I found that a Dopamine drip had been started and left on all weekend on my medical floor that had staffing ratios from 1-6, and 1-10 at noc. And that with the drip, B/Ps had only been documented every 4-6 hours.

I also found a heparin drip going at 50 cc an hour. It was supposed to be 13 cc an hour. Someone hit the wrong button...

Specializes in Neuro Critical Care.

A post-surgical pt receiving her BP meds as soon as she got on the floor...BP bottomed out at 73/37, almost won a trip to ICU.

A resp. tech walking up to the nurse's station to tell us something wasn't right with our pt - he wasn't breathing. Notice I said walked, not ran.

A tube feeding that was supposed to going to the peg going into the subclavian. Actually, have seen this more than once.

IVF infusing into JT rather than midline???!!! This floored me!

Specializes in Geriatrics/Oncology/Psych/College Health.

Not that there is ANY excuse for not asking when you don't know something, but this thread is another great reason why nurses should not be forced to float to unfamiliar areas.

I've run into an IV (hepwell, actually) inserted backwards, and when I was an aide, I once turned a contracted, bedbound pt only to discover a rectal thermometer (we still used glass) still inserted. :eek: Fortunately, nothing got perforated.

Originally posted by zudy

A tube feeding that was supposed to going to the peg going into the subclavian. Actually, have seen this more than once.

You're kidding me.

Did they live?

Specializes in Gerontological, cardiac, med-surg, peds.
A tube feeding that was supposed to going to the peg going into the subclavian. Actually, have seen this more than once.

This happened last summer at a large teaching hospital. New grad working in an ICU setting. Error was caught also immediately by the nurse's preceptor. Tragically, the patient (a 6-year old boy) died. Day afterward, every single feeding pump in the whole facility was removed and kangaroos brought in (has tubing too big to be inserted into an IV by mistake).

Originally posted by VickyRN

This happened last summer at a large teaching hospital. New grad working in an ICU setting. Error was caught also immediately by the nurse's preceptor. Tragically, the patient (a 6-year old boy) died. Day afterward, every single feeding pump in the whole facility was removed and kangaroos brought in (has tubing too big to be inserted into an IV by mistake).

:eek: :eek: :o :o

Oh my God...that's horrible...for everyone involved.

Specializes in Home Health.

At line change, the nurse hung two dopamine drips instead of the dopa and dobutamine. The drips were double concentrated because the pt had renal insuff. So the dopa was supposed to be like 2.5cc/hr or 2 mcg/kg/min and the dobut was running at 10 mcg/kg/min.

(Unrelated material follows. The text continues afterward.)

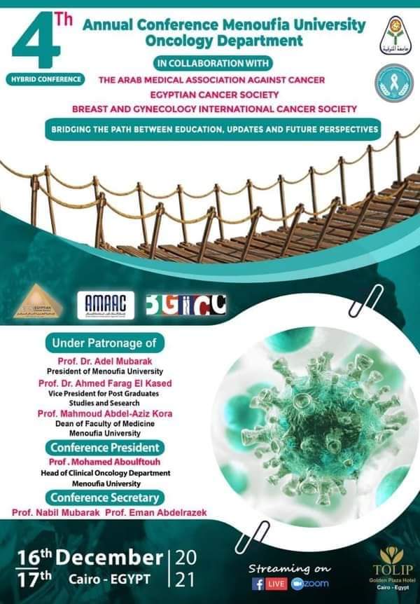 تنطلق غدا الخميس فعاليات المؤتمر الدولي الرابع لقسم علاج الأورام بكلية الطب جامعة المنوفية ،تحت رعاية الدكتور عادل مبارك رئيس الجامعة ، والدكتور أحمد فرج القاصد نائب رئيس الجامعة لشئون الدراسات العليا و البحوث والدكتورة نانسي أسعد نائب رئيس الجامعة لشئون لتعليم و الطلاب ، والدكتور محمود قورة عميد كلية الطب ،ياتي المؤتمر( تحت عنوان الرابط بين التعليم والتدريب والمستجدات والآفاق المستقبليه في علاج الأورام )

So when she hung the dopa instead of the dobutamine, the pt became very tachy at change of shift. She was calling doc and they were initiating bolus of cardizem and she was readying a drip when I discovered what she had done.

The kick in the butt was, the pt son was there, and he was praising her up and down to me about how she had picked up on her father's change in condition and acted so quickly on his behalf, he was so impressed w the care his father got. Ha!!

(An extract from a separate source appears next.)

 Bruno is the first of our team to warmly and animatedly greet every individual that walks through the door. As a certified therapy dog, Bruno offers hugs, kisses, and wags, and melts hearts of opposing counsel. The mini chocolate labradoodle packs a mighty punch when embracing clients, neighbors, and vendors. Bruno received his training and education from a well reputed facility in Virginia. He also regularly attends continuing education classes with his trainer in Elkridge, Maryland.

This man was a dean of a lg university, and he offered her a BSN education for no cost!! Do you believe she had the audacity to accept it???? I would have been so embarrassed, I could never in good conscience have accepted that knowing that my error could have killed the man!!! Some people have no shame!!

My mom was admitted to stay the night after a mod radical mastectomy. Yes, around here mastectomies are same day surgery:eek: Anyway her O2 sats went alittle low during surgery and they decided to abserve her for the night. Anyway. the fact that she was diabetic was missed by staff....buried in her chart maybe? She was given drugs that are contraindicated for type2 diabetics (med conflict) Luckily she is aware and a former nurse and was able to spot the mistake...the discharging nurse was horrified.....never did find out what happened .....Sugar went way up as they didnt give the diabetic tray eitherrr..... Scary

Laura

see, it's stuff like this that scares the beejeebies out of me. surely none of the nurses involved in these situations (other than maybe not hanging the IV antibiotics) did these things on purpose. i realize it's better to know what you don't know in certain situations but i'm scared to death that i'm gonna miss something.

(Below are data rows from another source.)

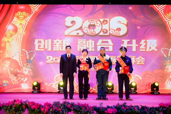 經典集團董事長苗樹文首先致新春賀詞2015年集團取得的成績進行了總結,鼓舞全體員工精誠團結、奮發有為,實現2016年經典產業轉型升級創新發展融合發展,并向全體參會人員和社會各界朋友致以新年的問候。總經理杜福生宣讀了《關于2015年度優秀員工和最佳團隊的表彰決定》,通過表彰獎勵,營造了廣大員工學習先進、爭當楷模的濃厚氛圍。
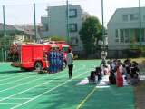 大きな消防車に、みんな驚いていました。 迫力満点の消防車をかいていました!
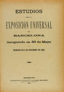 1888. ESTUDIOS SOBRE LA EXPOSICION UNIVERSAL DE BARCELONA INAGURADA EN 20 DE MAYO CERRADA EN 9 DE DICIEMBRE DE 1888. Bracelona : Est. Tip. del Diairo Mercantil, 1888.
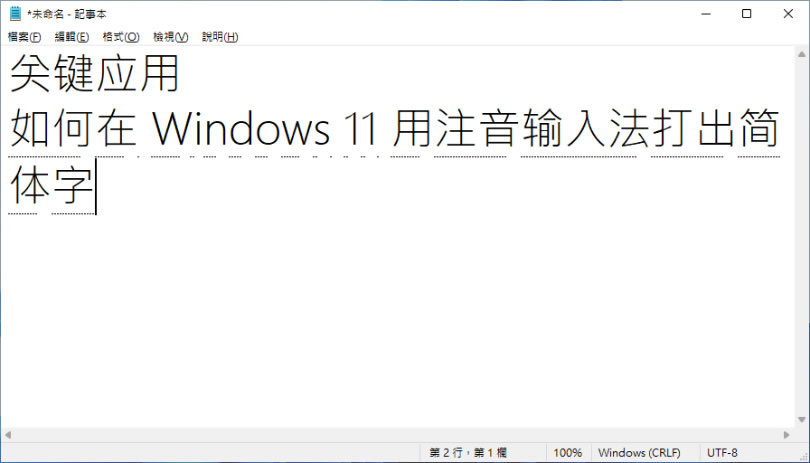 3.接下來開啟文書編輯軟體,使用自己熟系的輸入法,便可看到輸入的簡體字。
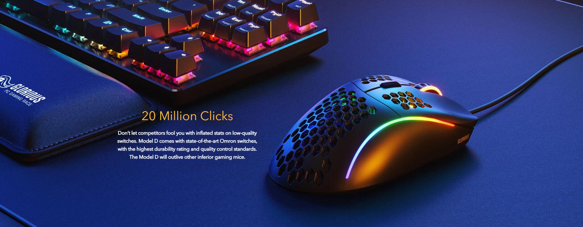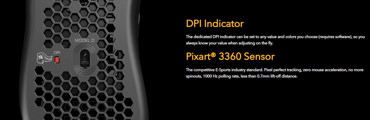 Model D’s HoneyComb Shell is the key to achieving a feather-light weight while maintaining its ultra-durable strength. You’ll barely feel the holes during gameplay, but they provide ventilation to keep your palms cool & fresh. Cleaning the Model D is easy, just use any air canister to keep your mouse good as new.

Okay, true confession time here... had a pt. on a PCA pump. The pharmacy doubled the concentration of the drug (dilaudid), and I did not get an update from the doc. There MAY have been a warning on the cassette, or on the bag the cassette was in, but the pt's husband removed it from the bag for me. Anyway, I missed it. So did several other nurses. Pt. c/o ++ drowsiness, but STILL rated pain at 6/10. Caught the mistake next time I changed the cassette (three days later.) By this time, the pt. was so accustomed to the dose, that we left things the way they were, just did some reprogramming of the pump so the concentration matched what was actually on the cassette.

Three days later, pt. was admitted to palliative care unit of hospital, with uncontrollable pain. BUT I still get cold shivers thinking of the possible outcome....

Needless to say, the management VERY carefully reviewed and revised their procedures for pain pumps, as well as giving the nurses responsible some heavy-duty education to make sure this doesn't ever happen again!

Scariest thing I've run across so far that I wasn't responsible for? Found 2/3 & 1/3 hanging with a blood transfusion, while working agency! And it was a regular staff nurse who was responsible for the error, too!

Was working as overhouse supervisor one evening. Had insulin drip on the floor - had just mixed the bag about 45 min earlier when nurse caring for patient called be for another drip. I asked what had happened to the first one. Nurse replied "it's out" So I went to the floor. They had ran the insulin drip in at 55units/hour instead of 5.5 units/hour.

Some "crazy" things I've seen..................

Recieved pt from ER into ICU - was told in report that pt had 3+ pedal pulses. Pt still had on shoe and had a right BKA. So much for those assessment skills.

Recieved pt from EMS with splint on left arm with reported obvious deformity. It was the right arm that had the obvious deformity (and no splint) Pt said "I didn't know why they put the splint there but I figured they knew what they were doing"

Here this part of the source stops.